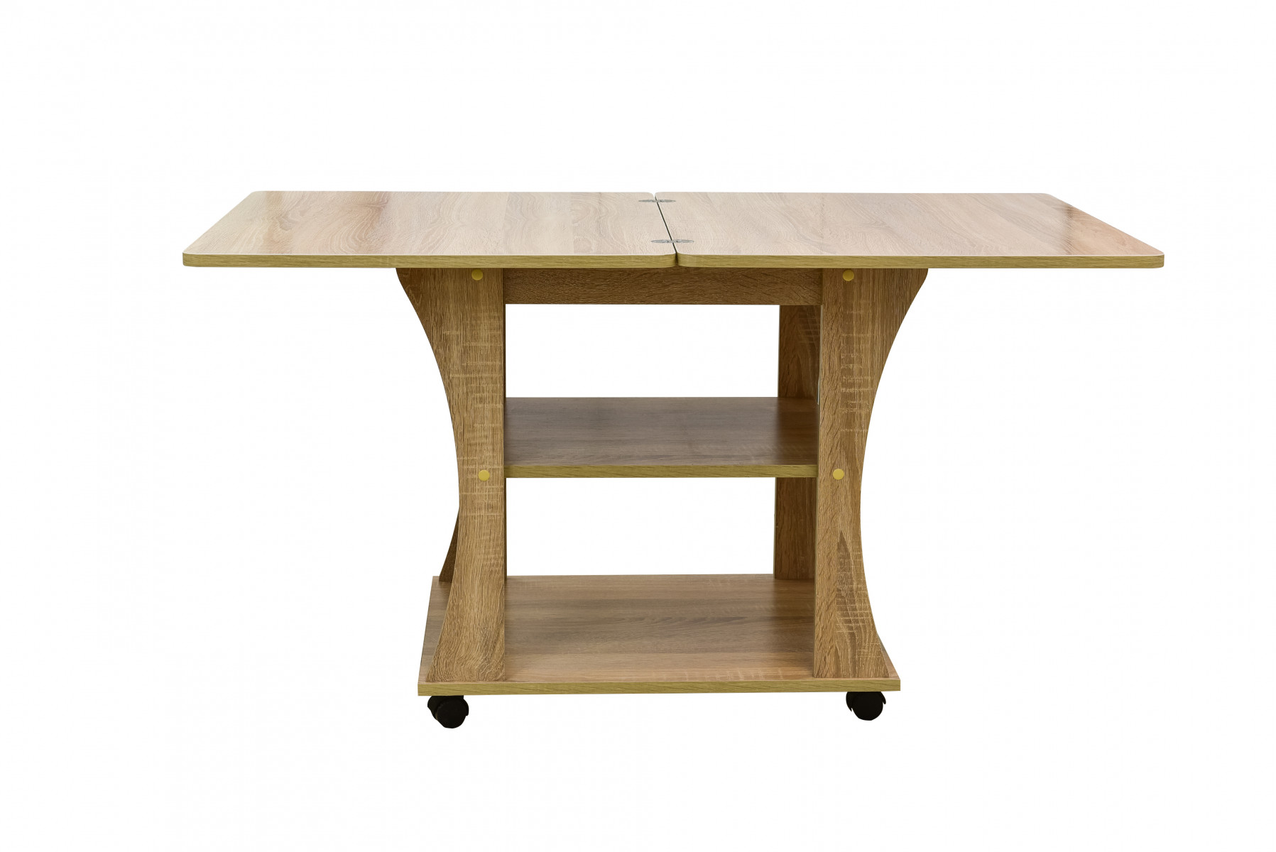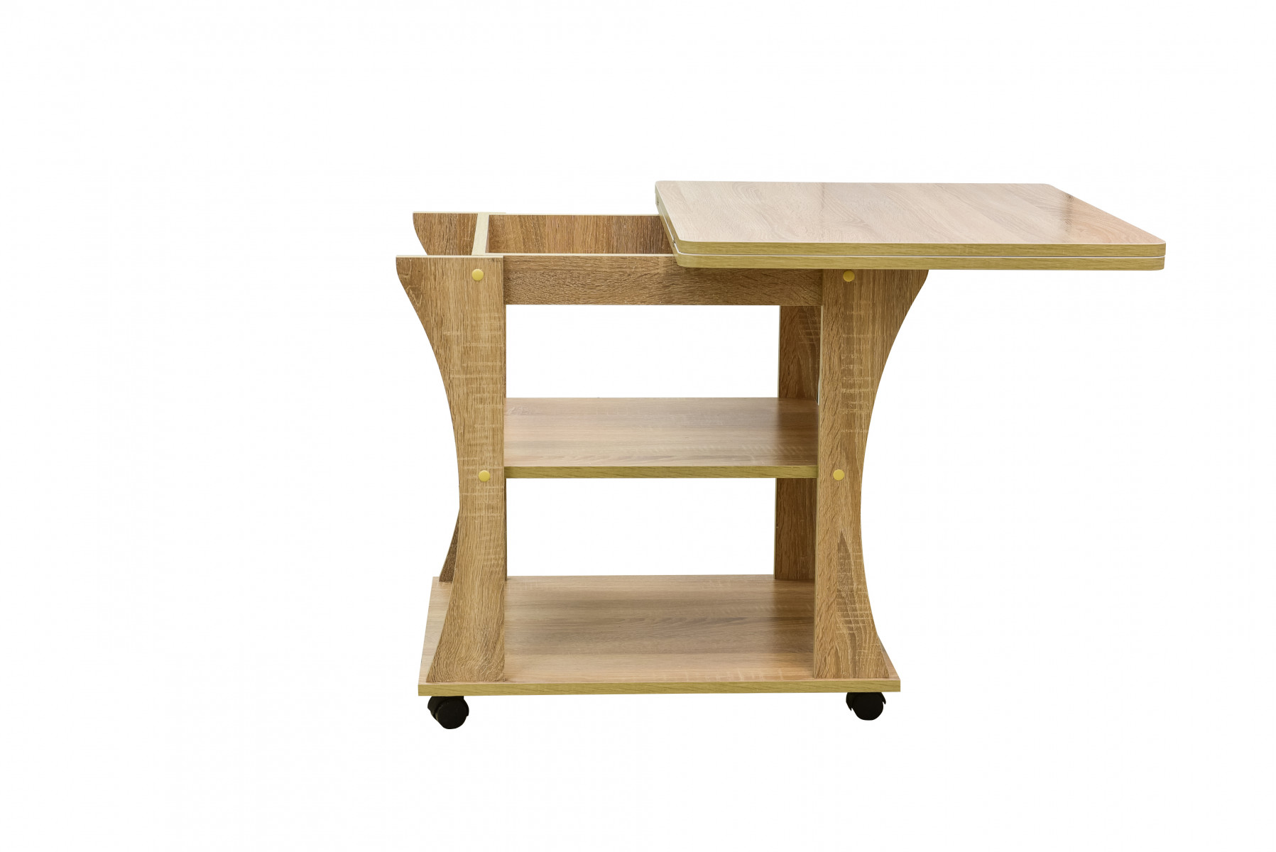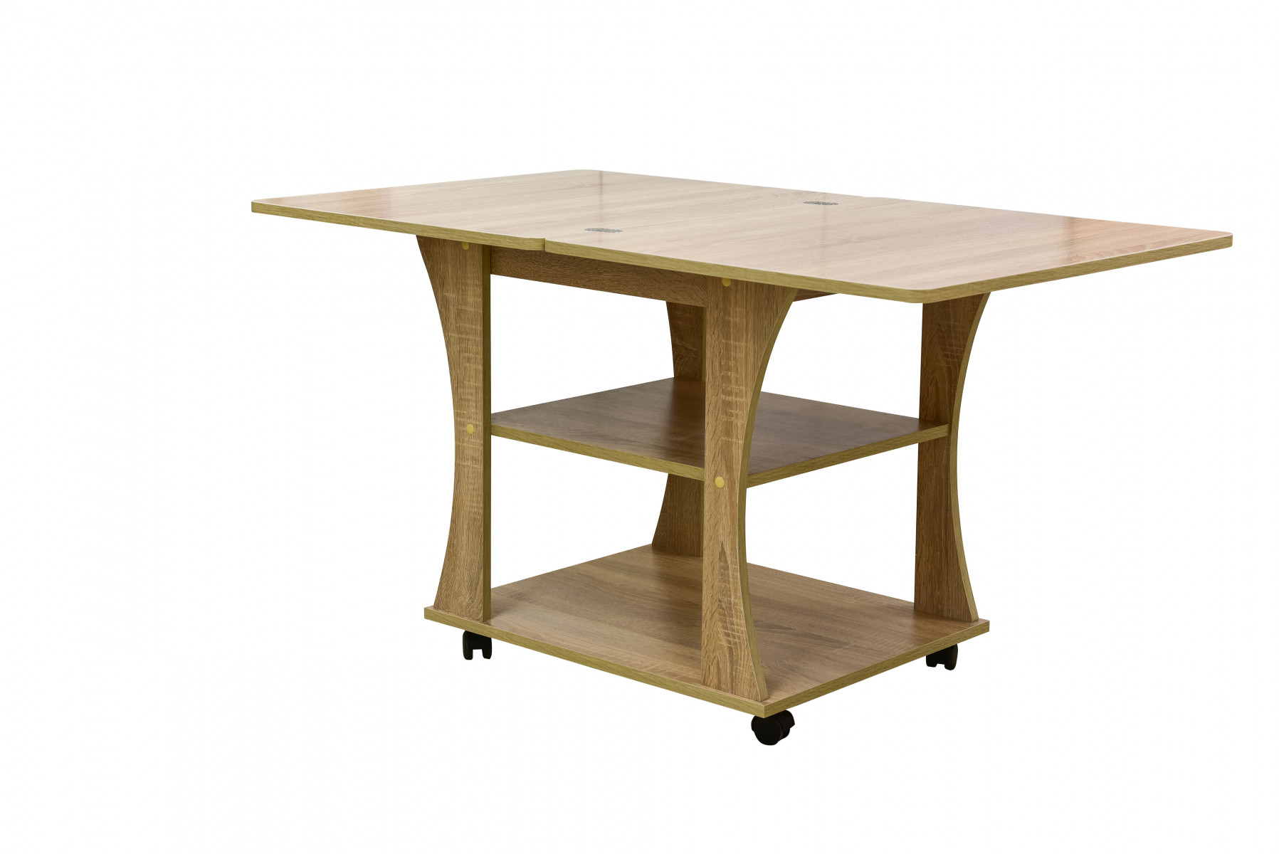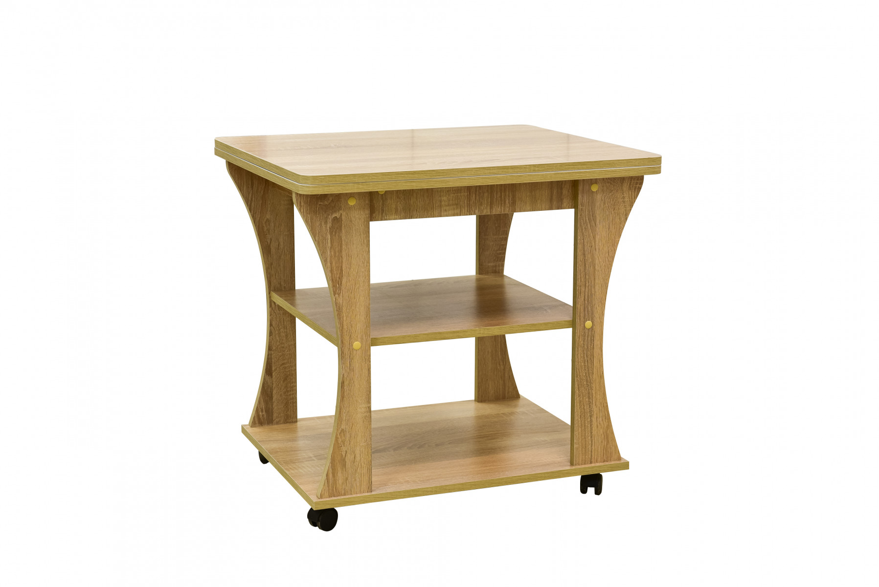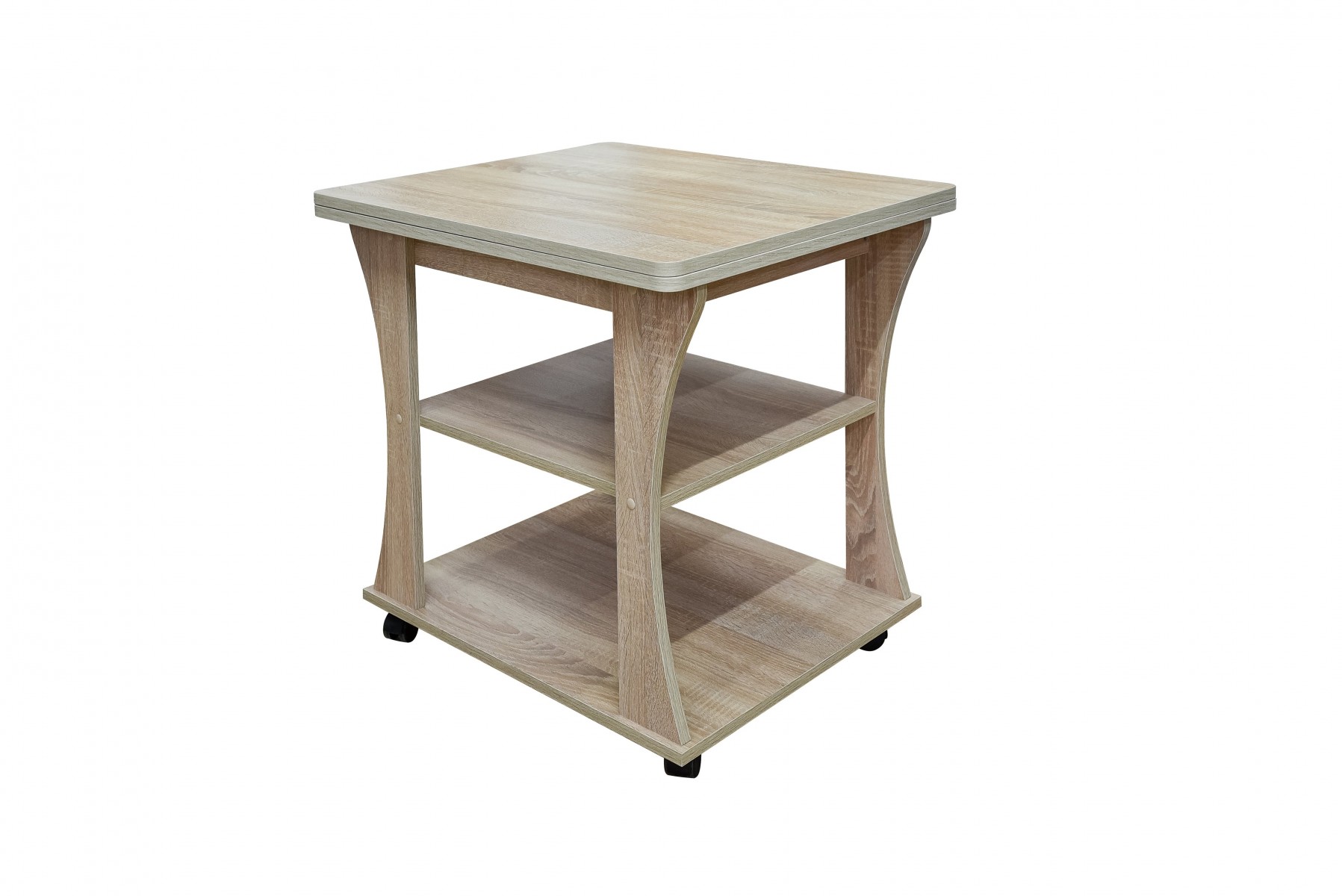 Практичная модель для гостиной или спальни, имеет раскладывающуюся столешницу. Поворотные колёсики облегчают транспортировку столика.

※ ※ ※

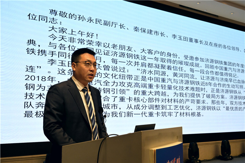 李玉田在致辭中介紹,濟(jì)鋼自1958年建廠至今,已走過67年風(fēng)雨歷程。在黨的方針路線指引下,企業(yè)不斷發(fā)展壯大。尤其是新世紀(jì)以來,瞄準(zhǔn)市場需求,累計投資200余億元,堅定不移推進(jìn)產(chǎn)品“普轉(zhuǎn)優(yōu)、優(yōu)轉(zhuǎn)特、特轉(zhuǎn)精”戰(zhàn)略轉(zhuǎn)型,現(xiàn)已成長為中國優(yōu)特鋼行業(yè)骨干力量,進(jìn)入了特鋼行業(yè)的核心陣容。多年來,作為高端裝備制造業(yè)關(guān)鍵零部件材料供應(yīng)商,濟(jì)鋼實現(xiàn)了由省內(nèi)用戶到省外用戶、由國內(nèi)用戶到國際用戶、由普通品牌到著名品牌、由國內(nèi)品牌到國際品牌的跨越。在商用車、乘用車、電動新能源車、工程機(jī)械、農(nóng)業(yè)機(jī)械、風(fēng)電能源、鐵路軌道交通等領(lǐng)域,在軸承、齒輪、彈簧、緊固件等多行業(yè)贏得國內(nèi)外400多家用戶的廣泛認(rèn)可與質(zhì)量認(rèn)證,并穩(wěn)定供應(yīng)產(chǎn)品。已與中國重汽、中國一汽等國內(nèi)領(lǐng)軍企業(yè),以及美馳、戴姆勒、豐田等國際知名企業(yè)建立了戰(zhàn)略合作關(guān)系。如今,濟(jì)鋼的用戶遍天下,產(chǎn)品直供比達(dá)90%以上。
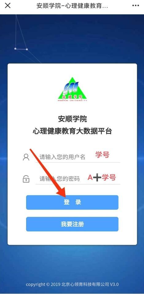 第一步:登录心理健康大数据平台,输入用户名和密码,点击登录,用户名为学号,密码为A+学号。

※ ※ ※

◆ PROBLEM DETAILS:
Within the material above, find the part that opens with the line containing "李玉田在致辭中介紹,濟(jì" and closes with the line containing "第一步:登录心理健康大数据平", and reproduce it exactly without the pictures.

◆ TASK RESPONSE:
 李玉田在致辭中介紹,濟(jì)鋼自1958年建廠至今,已走過67年風(fēng)雨歷程。在黨的方針路線指引下,企業(yè)不斷發(fā)展壯大。尤其是新世紀(jì)以來,瞄準(zhǔn)市場需求,累計投資200余億元,堅定不移推進(jìn)產(chǎn)品“普轉(zhuǎn)優(yōu)、優(yōu)轉(zhuǎn)特、特轉(zhuǎn)精”戰(zhàn)略轉(zhuǎn)型,現(xiàn)已成長為中國優(yōu)特鋼行業(yè)骨干力量,進(jìn)入了特鋼行業(yè)的核心陣容。多年來,作為高端裝備制造業(yè)關(guān)鍵零部件材料供應(yīng)商,濟(jì)鋼實現(xiàn)了由省內(nèi)用戶到省外用戶、由國內(nèi)用戶到國際用戶、由普通品牌到著名品牌、由國內(nèi)品牌到國際品牌的跨越。在商用車、乘用車、電動新能源車、工程機(jī)械、農(nóng)業(yè)機(jī)械、風(fēng)電能源、鐵路軌道交通等領(lǐng)域,在軸承、齒輪、彈簧、緊固件等多行業(yè)贏得國內(nèi)外400多家用戶的廣泛認(rèn)可與質(zhì)量認(rèn)證,并穩(wěn)定供應(yīng)產(chǎn)品。已與中國重汽、中國一汽等國內(nèi)領(lǐng)軍企業(yè),以及美馳、戴姆勒、豐田等國際知名企業(yè)建立了戰(zhàn)略合作關(guān)系。如今,濟(jì)鋼的用戶遍天下,產(chǎn)品直供比達(dá)90%以上。
 第一步:登录心理健康大数据平台,输入用户名和密码,点击登录,用户名为学号,密码为A+学号。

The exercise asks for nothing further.